Por su parte, el apartado 4, primer párrafo, del mencionado artículo 15, establece que la rectificación deberá realizarse mediante la emisión de una nueva factura en la que se haga constar los datos identificativos de la factura rectificada: Se podrá efectuar la rectificación de varias facturas en un único documento de rectificación, siempre que se identifiquen todas las facturas rectificadas.
3.- El artículo 114, apartado uno, primer párrafo, de la Ley 37/1992 establece que los sujetos pasivos, cuando no haya mediado requerimiento previo, podrán rectificar las deducciones practicadas cuando el importe de las mismas se hubiese determinado incorrectamente o el importe de las cuotas soportadas haya sido objeto de rectificación de acuerdo con lo dispuesto en el artículo 89 de esta Ley.
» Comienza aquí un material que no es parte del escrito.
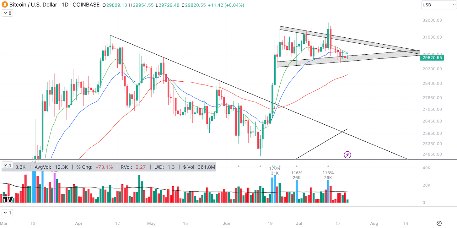 8. Bitcoin / USD. Unsurprisingly, Bitcoin has also seen a pullback this week within this current flag. BTC has been able to hold the lower limits of this range thus far, but keep an eye out for a break below ~$29,500 to signal a failed breakout this weekend.
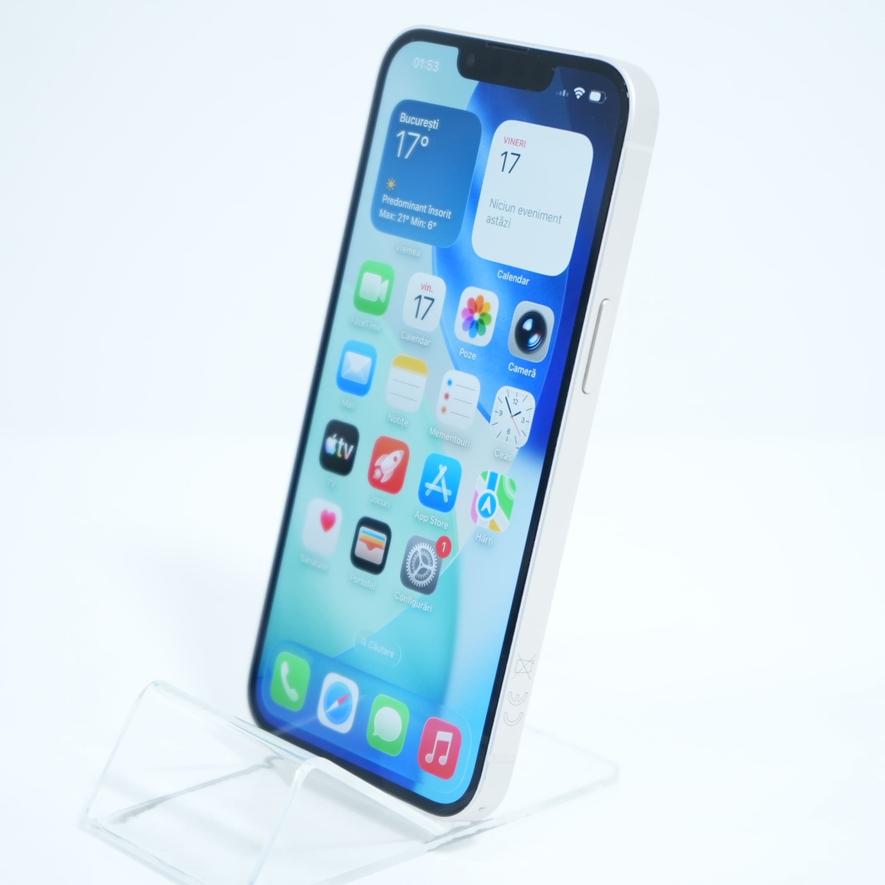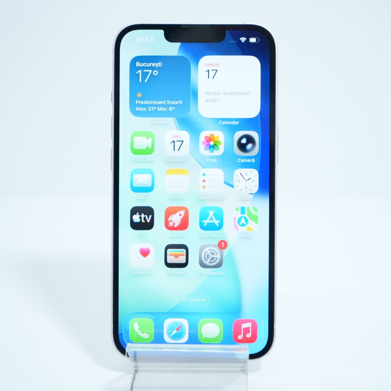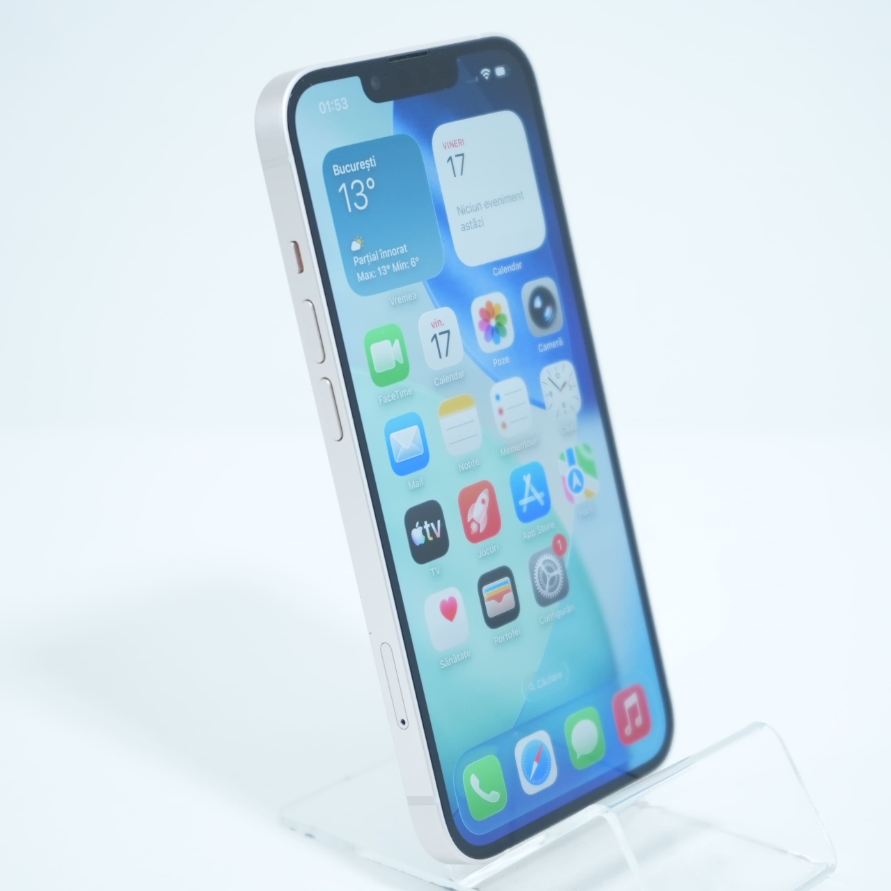 Ecran: 6.1 Procesor: Apple A15 Bionic Memorie RAM: 4 GB Memorie interna: 128GB Camera Foto: Principala 12 MPx, Frontala 12 MPx Stare retea: Liber de rețea

Por su parte, el artículo 114, apartado dos, número 1º, de la Ley del Impuesto sobre el Valor Añadido dispone lo siguiente:
“Dos. La rectificación de deducciones originada por la previa rectificación del importe de las cuotas inicialmente soportadas se efectuará de la siguiente forma:
1º. Cuando la rectificación determine un incremento del importe de las cuotas inicialmente deducidas, podrá efectuarse en la declaración-liquidación correspondiente al período impositivo en que el sujeto pasivo reciba el documento justificativo del derecho a deducir en el que se rectifiquen las cuotas inicialmente repercutidas, o bien en las declaraciones-liquidaciones siguientes, siempre que no hubiesen transcurrido cuatro años desde el devengo de la operación o, en su caso, desde la fecha en que se hayan producido las circunstancias que determinan la modificación de la base imponible de la operación.
Sin perjuicio de lo anterior, en los supuestos en que la rectificación de las cuotas inicialmente soportadas hubiese estado motivado por causa distinta de las previstas en el artículo 80 de esta Ley, no podrá efectuarse la rectificación de la deducción de las mismas después de transcurrido un año desde la fecha de expedición del documento justificativo del derecho a deducir por el que se rectifican dichas cuotas.
(…) ”.
Con independencia de la actuación seguida por la entidad francesa al no considerarse sujeto pasivo de las operaciones efectuadas para la consultante, la rectificación de las cuotas no repercutidas en su momento por la sociedad francesa supone, para la consultante, en sentido estricto y con referencia al momento de practicarse la rectificación, un incremento de las cuotas inicialmente deducidas, cuyo importe fue cero, como consecuencia de la actuación de la citada sociedad, por no considerarse como sujeto pasivo de las operaciones efectuadas por la misma.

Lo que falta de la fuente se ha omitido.